THE RECORDS:
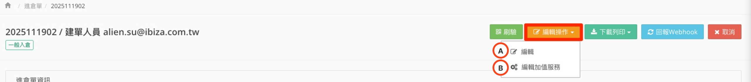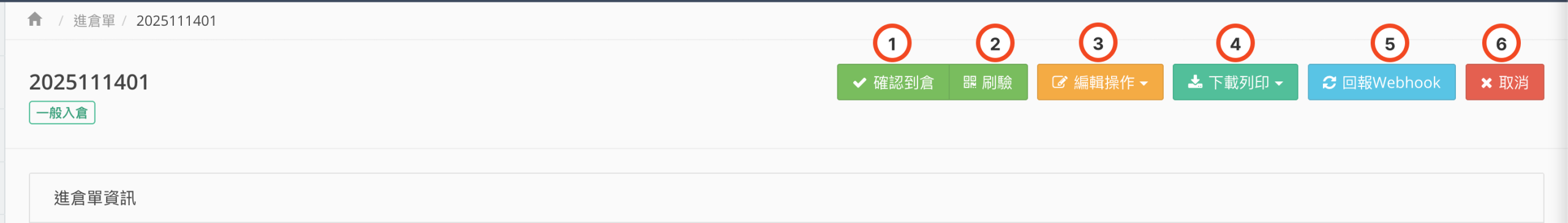 進倉單詳細頁面可以管理單一進倉單,在此頁面您可以查看進倉單的完整資訊、管理品項、追蹤上架記錄、管理產品序號,以及編輯加值服務。
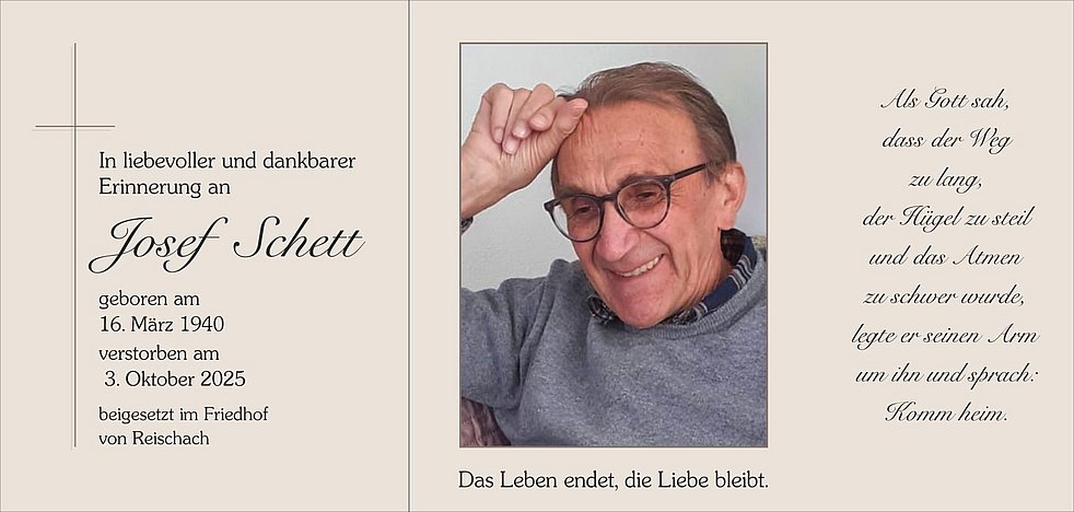 Den Trauergottesdienst feiern wir am Montag, dem 6. Oktober, um 14 Uhr in der Pfarrkirche von Reischach.
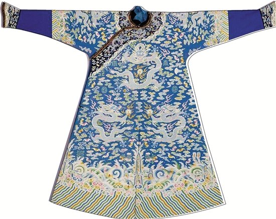 月白色缂丝彩云蓝龙袷龙袍
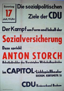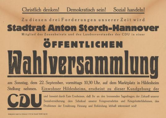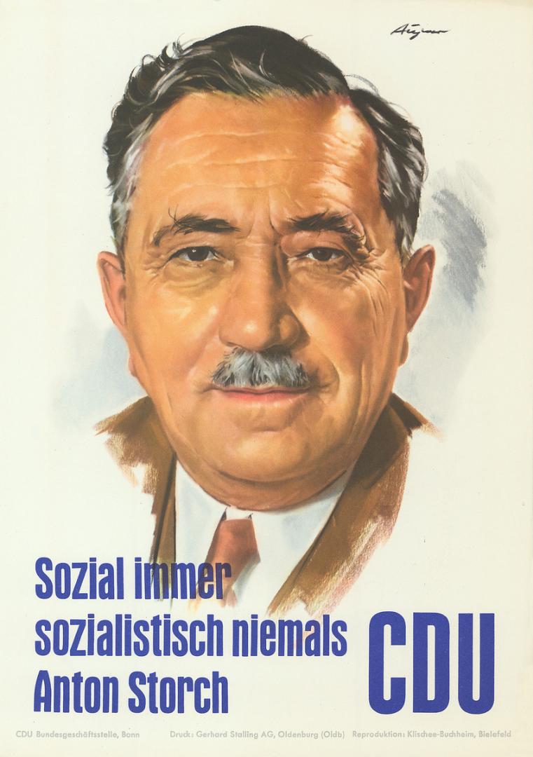 Bei der Wahl zum 1. Deutschen Bundestag im August 1949 wurde Anton Storch, der als guter Redner bekannt war, als Kandidat des Wahlkreises Osnabrück-Stadt und -Land gewählt. Bis zu seinem Ausscheiden aus dem Bundestag 1965 konnte er den Wahlkreis verteidigen.
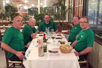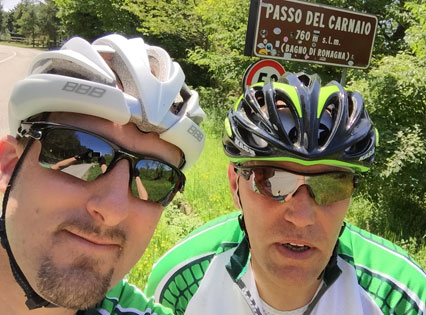 Selfie vor dem Pantani-Denkmal: Peter Heydecker, Heinz Steinemann, Edi Schärer und Thomas AndereggBeweisbild: Thomas Anderegg und Peter Heydecker waren auf dem Pass del CarnaioFiletto Angus: Feines Nachtessen nach dem strengen TagLiessen es sich gut gehen beim Nachtessen: Peter Heydecker, Edi Schärer, Thomas Anderegg, Walter Pfister und Heinz Steinemann
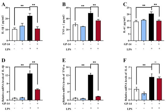 C8 cells were obtained from the Cell Resource Center of the Chinese Academy of Medical Sciences (Beijing, China). DMEM was used to culture the C8 cells, which contained 10% (v/v) fetal bovine serum (FBS, Gibco, Waltham, MA, USA). After seeding cells in cell culture plates, C8 cells were pretreated with 30, 60, and 90 μM GP-14 for a duration of 6 h. Subsequently, the cells were treated with LPS for another 6 h. Following cell collection, qPCR and western blotting were performed.
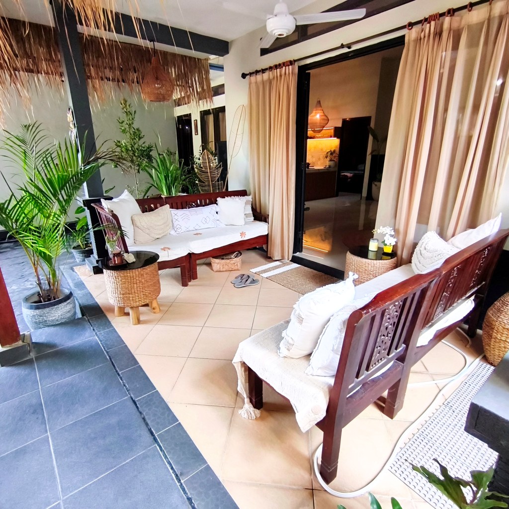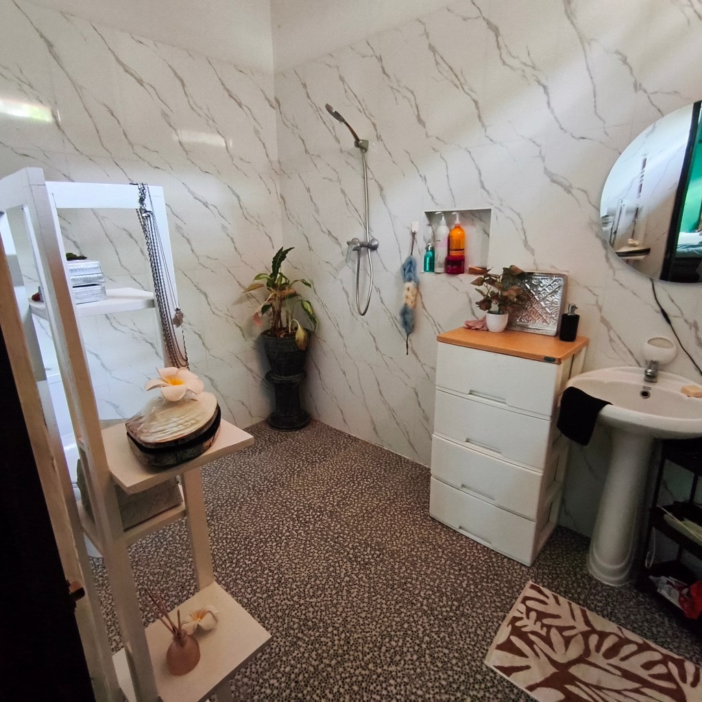 Outside is a small pool and a gazebo, it’s like an outside living area. Also a decent size carport for car and bike.
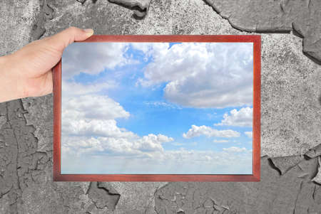 bright sky in a window frame with old wall background

WORK INSTRUCTIONS: In the listing above, find the line containing "Den Trauergottesdienst feiern" and the line containing "Selfie vor dem". Reproduce those lines and all between them exactly, with no pictures and nothing more.

ANSWER SECTION:
 Den Trauergottesdienst feiern wir am Montag, dem 6. Oktober, um 14 Uhr in der Pfarrkirche von Reischach.
 月白色缂丝彩云蓝龙袷龙袍
 Bei der Wahl zum 1. Deutschen Bundestag im August 1949 wurde Anton Storch, der als guter Redner bekannt war, als Kandidat des Wahlkreises Osnabrück-Stadt und -Land gewählt. Bis zu seinem Ausscheiden aus dem Bundestag 1965 konnte er den Wahlkreis verteidigen.
 Selfie vor dem Pantani-Denkmal: Peter Heydecker, Heinz Steinemann, Edi Schärer und Thomas AndereggBeweisbild: Thomas Anderegg und Peter Heydecker waren auf dem Pass del CarnaioFiletto Angus: Feines Nachtessen nach dem strengen TagLiessen es sich gut gehen beim Nachtessen: Peter Heydecker, Edi Schärer, Thomas Anderegg, Walter Pfister und Heinz Steinemann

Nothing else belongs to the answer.